Die Westpfalz macht sich auf den Weg zur Wasserstoffregion. In den Räumlichkeiten der ZAK fand nun der dritte von insgesamt sechs Strategiedialogen statt. Die Akteure ziehen ein hoffnungsvolles Halbzeit-Fazit.

Im Rahmen des HyStarter-Wettbewerbes des Bundesministeriums für Digitales und Verkehr setzte sich die ZukunftsRegion Westpfalz e.V. im vergangenen Jahr mit ihrer Bewerbung durch, die Westpfalz zählt damit zu den 15 ausgewählten Regionen in Deutschland, die seit geraumer Zeit fachlich und organisatorisch bei der Entwicklung eines regional zugeschnittenen Wasserstoffkonzepts und der Bildung eines Netzwerks für lokale Wasserstoffakteure begleitet werden. Mit Hilfe der bundesweiten Expertise des HyStarter-Projektteams der EE ENERGY ENGINEERS wurde ein schlagkräftiges Akteursnetzwerk aufgebaut und eine Potenzialuntersuchung erarbeitet. Ziel ist es, ein Konzept zum Aufbau einer regional integrierten Wasserstoffwirtschaft auszuformulieren.

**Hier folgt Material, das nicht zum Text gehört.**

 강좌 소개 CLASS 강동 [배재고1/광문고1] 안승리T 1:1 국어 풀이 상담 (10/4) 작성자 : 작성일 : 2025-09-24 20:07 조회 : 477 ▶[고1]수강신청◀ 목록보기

Inhaltlich setzten sich die Teilnehmer beim dritten Strategiedialog unter anderem mit der Wasserstoffproduktion aus Reststoffen auseinander. Ebenfalls wurde der Fokus auf Wasserstoff- Tankstellen gelegt. Längst sei klar, wo die Möglichkeiten in der Region liegen, so Projektleiter Dr. Michael Walk von der ZukunftsRegion Westpfalz e.V.. Er wolle dabei auch über die Grenzen der Region hinausschauen und mit anderen HyLand-Regionen kooperieren, um Synergien zu erkennen und unter Nachbarn zu nutzen.

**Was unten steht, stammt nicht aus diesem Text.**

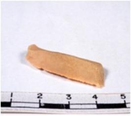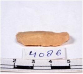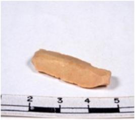 | Description / विवरण | A fragment of a rectangular shaped chert blade showing dorsal sides with sharp edges having smooth surface and triangular section. |
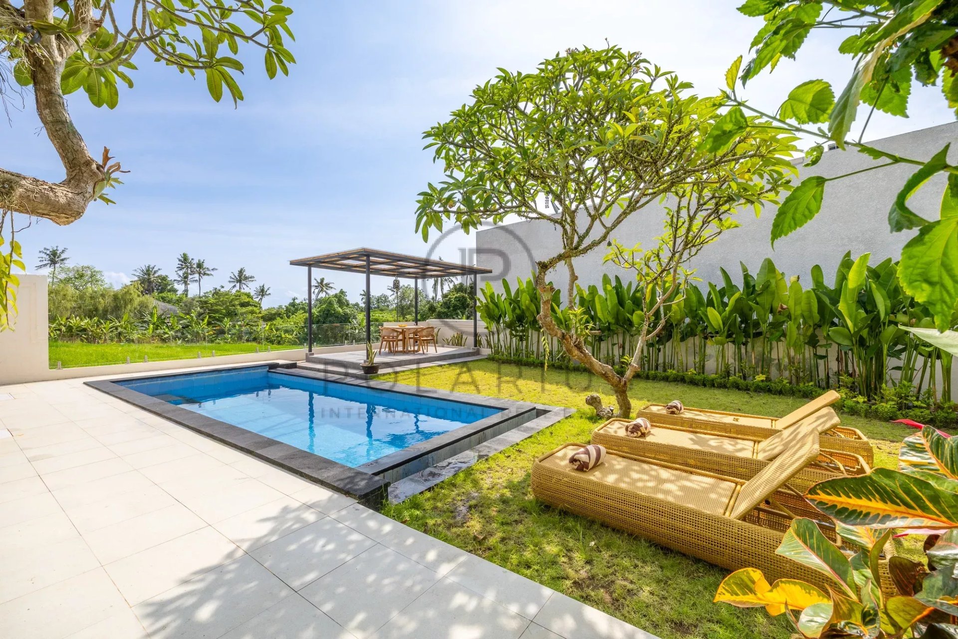 Your Private Tropical Retreat in Tumbak BayuhDiscover a modern tropical villa in the serene residential enclave of Tumbak Bayuh, Bali. Surrounded by protected greenery, lush rice fields, and pandan plantations, this villa combines ultimate privacy with the convenience of Bali’s most vibrant lifestyle hubs.Minutes from Canggu and Pererenan, enjoy easy access to international schools, premium restaurants, beach clubs, and wellness centers while returning home to a quiet, peaceful sanctuary. Perfect for families, entrepreneurs, and digital nomads seeking a refined Bali lifestyle.Modern Tropical Design & Contemporary ComfortThis villa features a modern tropical contemporary design, harmonizing natural materials with clean lines and expansive glass openings that fill the home with natural light.•
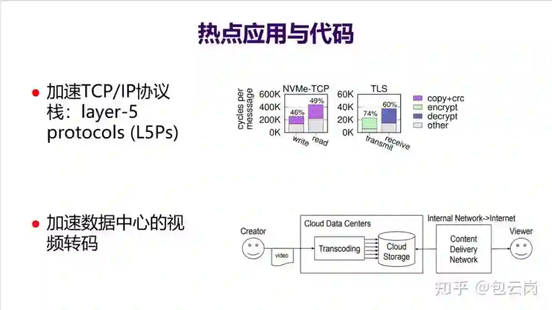 存在很多大量共性操作,比如加密解密等,于是直接在网卡上实现了一个针对 L5Ps 的加速器,大幅加速了网络包处理能力。另一个例子是这次疫情导致云计算数据中心

Frederik Budschun (EE ENERGY ENGINEERS), der gemeinsam mit Justus Beste das Projekt begleitet, sieht realistische Chancen dafür, dass Wasserstoff eines Tages am selben Standort erzeugt und angewendet wird. „Es gibt einige vielversprechende Leuchtturmprojekte in der Region, zu ihnen zählen auch die bereits weit gediehenen Wasserstoff-Projekte der ZAK“, so Budschun.
„Transportkosten können umgangen werden und auch der Betrieb einer Wasserstoff-Tankstelle ist kalkulierbar und durchaus realistisch.“

Die Unsicherheiten bei der Energieversorgung seien längst auch in der Kommunalpolitik angekommen, berichtete Landrat Ralf Leßmeister, gleichzeitig Verwaltungsratsvorsitzender der ZAK. Er sei gespannt auf die neuen Erkenntnisse und hoffe, dass die Westpfalz bei der Wasserstoffproduktion „vorne dabei“ sein wird. „Zur Zeit fehlt es an den entsprechenden Förderungen, sonst könnten wir loslegen“, so Leßmeister.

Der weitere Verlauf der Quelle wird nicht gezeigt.